Mientras avanzaba la manifestación se creaban pequeños corrillos de familias, amigos y voluntarios. La mayoría  discutían sobre la legalización del aborto. María Paula Peruche, 48 años, lo tenía muy claro "es inadmisible que las chicas puedan abortar sin el permiso de los padres, es un crimen total. Hay que derogar la ley del PSOE", afirmaba con rotundidad. "Esos", refiriéndose al partido socialista, "solo han fomentando la Ley Aído, y que nadie se engañe es la cultura de la muerte", decía otro.

A su lado un grupo de chicas jóvenes los escuchaba atentamente. Algunas no mostraban estar del todo de acuerdo. Ana Celaya, de 18 años y estudiante de derecho en la Universidad San Pablo CEU, era una de ellas. "Estoy en contra del aborto. Pero reconozco que no en todos los casos. Si la madre o el bebé pueden sufrir algún daño pues está claro. Lo mismo si es una mujer violada...entiendo que no lo quiera, pero debería darlo en adopción antes", afirmaba junto a sus amigas que asiente con la cabeza.

Casi finalizada la marcha en la Puerta de Alcalá, algunos manifestantes se apeaban en las aceras para escuchar los discursos entre globos rojos con corazones de las diferentes organizaciones, incluido unos azules del diario La Razón. Entre ellos los grupos que esperaban pacientemente los mitines, estaban unos treintañeros, discutiendo acaloradamente sobre el tema del aborto. De todos, Luis era el que más destacaba, no solo por defender el derecho de la mujer a decidir sobre su embarazo, sino por su melena larga y su vestimenta. Era el único de todos sus amigos que vestía pantalones anchos y zapatillas de deporte, frente a las camisas dentro de los pantalones chinos que lucían el resto.

Cerca de la una y media de la tarde comenzaron los discursos. Primero se le dio la palabra a Gádor Joya, portavoz de Derecho a Vivir; seguido de Leonor Tamayo, portavoz de profesionales de la ética, y Jesús Poveda, presidente de Provida Madrid. Los tres defendieron a atacaron el aborto y abogaron por la protección de las mujeres embarazadas y la defensa de "aquellos niños triturados al amparo de la legalidad".

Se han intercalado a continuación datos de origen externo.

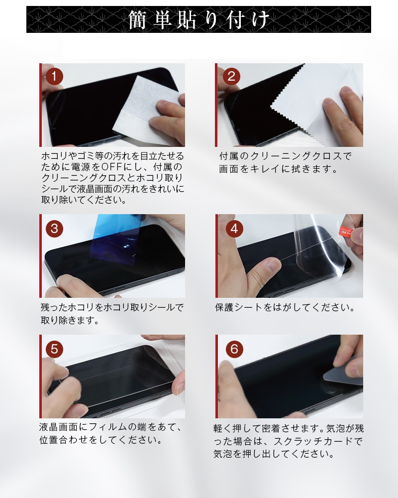 ※貼る前には必ず液晶表面のゴミやホコリをよくとってください。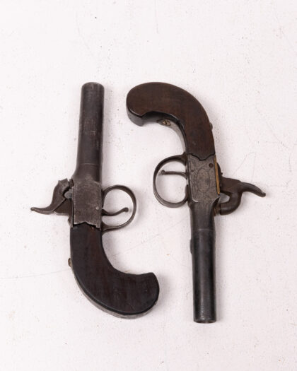 A cased pair of antique percussion cap pistols. The pistols feature engraved metalwork and wooden handles. The case is made of wood and lined with red velvet. One pistol features inscription 'Lombard Street, London'. The pistols show signs of age and use, commensurate with age.

Pasadas las dos de la tarde, la manifestación se disolvía. Unos buscaban una terraza donde poder tomarse el aperitivo y otros se confundían con la enorme cola que se formaba delante de la embajada venezolana. Muchos de estos ciudadanos llevaban desde primera hora de la mañana para ejercer su derecho a voto y elegir, hoy, el futuro presidente de Venezuela.